Jul 12, 2015 • Abstract

Reverse me please

The challenges description provides the file ‘reversemeplz’, which can be found here, and ‘file’ identifies it as a 32-bit linux executable:

host:$ file reversemeplz 
reversemeplz: ELF 32-bit LSB executable, Intel 80386, version 1 (SYSV), dynamically linked (uses shared libs), for GNU/Linux 2.6.32, stripped

So we fire up a 32-bit linux VM and open it into the free demo version of IDA pro. Now we go through the code using ‘:’ to add comments to each line and ‘N’ to rename any functions and memory location.

The main function (with our comments) is as follows:

From this we see that the executable reads a line of user input using ‘gets’, and then calls the ‘sub_8048804’ function on it. If the result of this function is 0, the executable prints ‘Wrong input’ but if it’s none zero then the program adds “flag{“ and “}” on either end. I.e., We need to find an input that makes ‘sub_8048804’ return true.

Looking at ‘sub_8048804’ we see it starts with a loop:

Before the start of the loop esi is set to 0, and at the end it’s incremented and tested against 0Fh (15), so the program loops round 15 times.

The input will be sitting just above the ebx pointer, so ‘byte ptr [ebx+esi]’ will be the esi-th character of the input.

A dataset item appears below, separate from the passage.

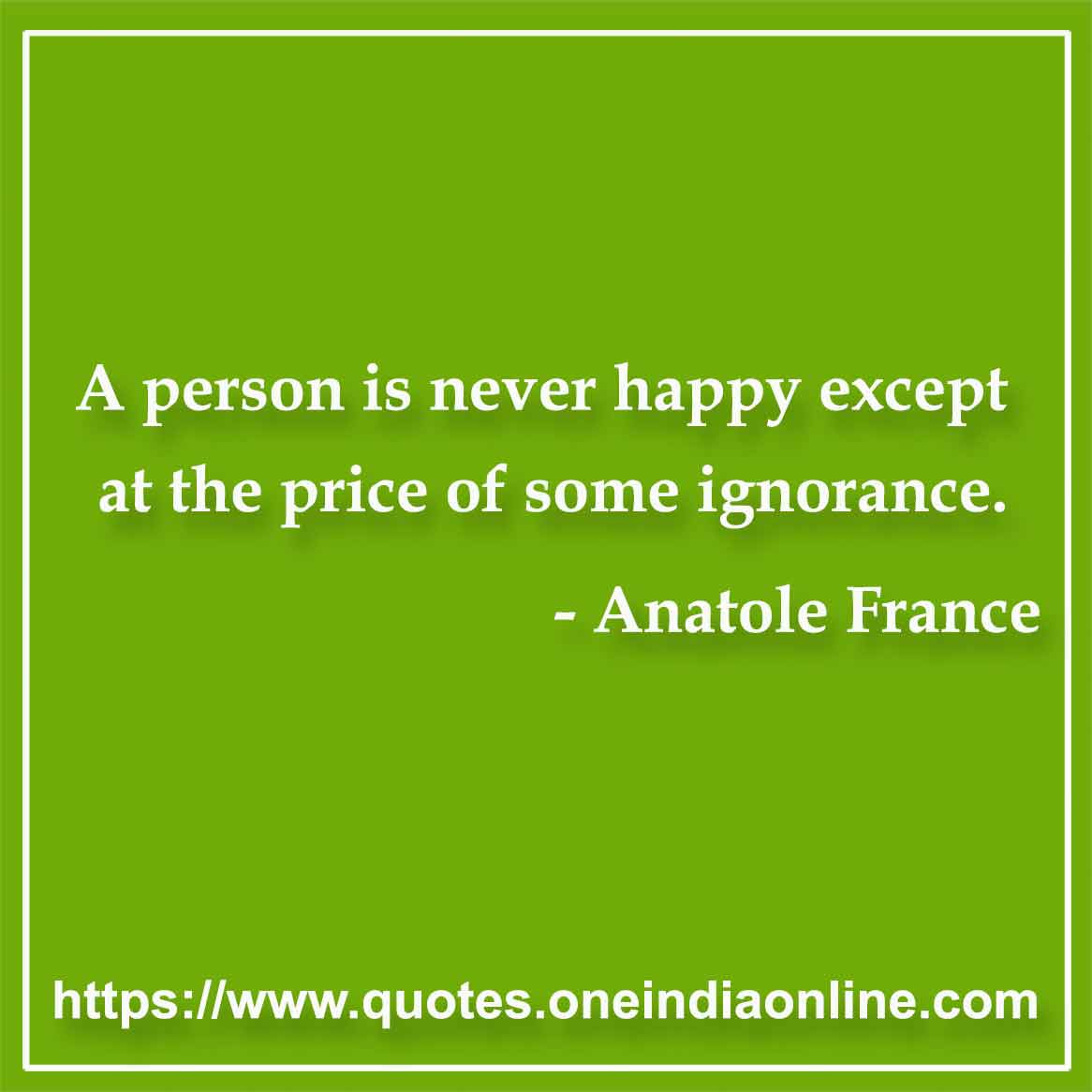 A person is never happy except at the price of some ignorance. - Ignorance Quotes by Anatole France Download or Share |

The loop checks that this character of the input is between 60h and 7Ah (i.e., it’s a lower case letter), so far most of the flags we saw in PoliCTF were lower case, so we ignore what the program does if the character is not a lower case letter.

The body of the loop then calls ‘sub_8048519’ on each character of the input in turn and puts the first byte of the result onto the stack at ‘ebp+var_58’.

‘sub_8048519’ is a very long an complex function so we simply run the program with all lower case letters as input in the IDA debugger and see what we get back. We are in luck ‘sub_8048519’ is not a stateful function and we quickly spot that it in fact calculates ROT13!

After calculating the ROT13 of the input the next part of ‘sub_8048519’ goes into another loop:

Recall that the result of the ‘sub_8048519’ was put at ‘ebp+var_58’, so this code puts each consecutive pair of letters into edx and ecx, it then calculates the difference between these letters and compares it with the value at ‘[ebp+eax*4+var_4C]’. To find out what these values are we run the program in the IDA debugger and take a look for ourselves:

We see that the difference between the 1st and the 2nd ROT13 encoded character must be FFFFFFFF (-1) and the difference between the 2nd and the 3th must be 11, the 3rd and the fourth FFFFFFF5 (-11), and so on. Guessing that the flag is English words, we find that ‘onetwotheflagyo’ matches this, and running the executable confirms that this is the flag:

dan@csecvm:~$ ./reversemeplz 
The flag is flag{onetwotheflagyo}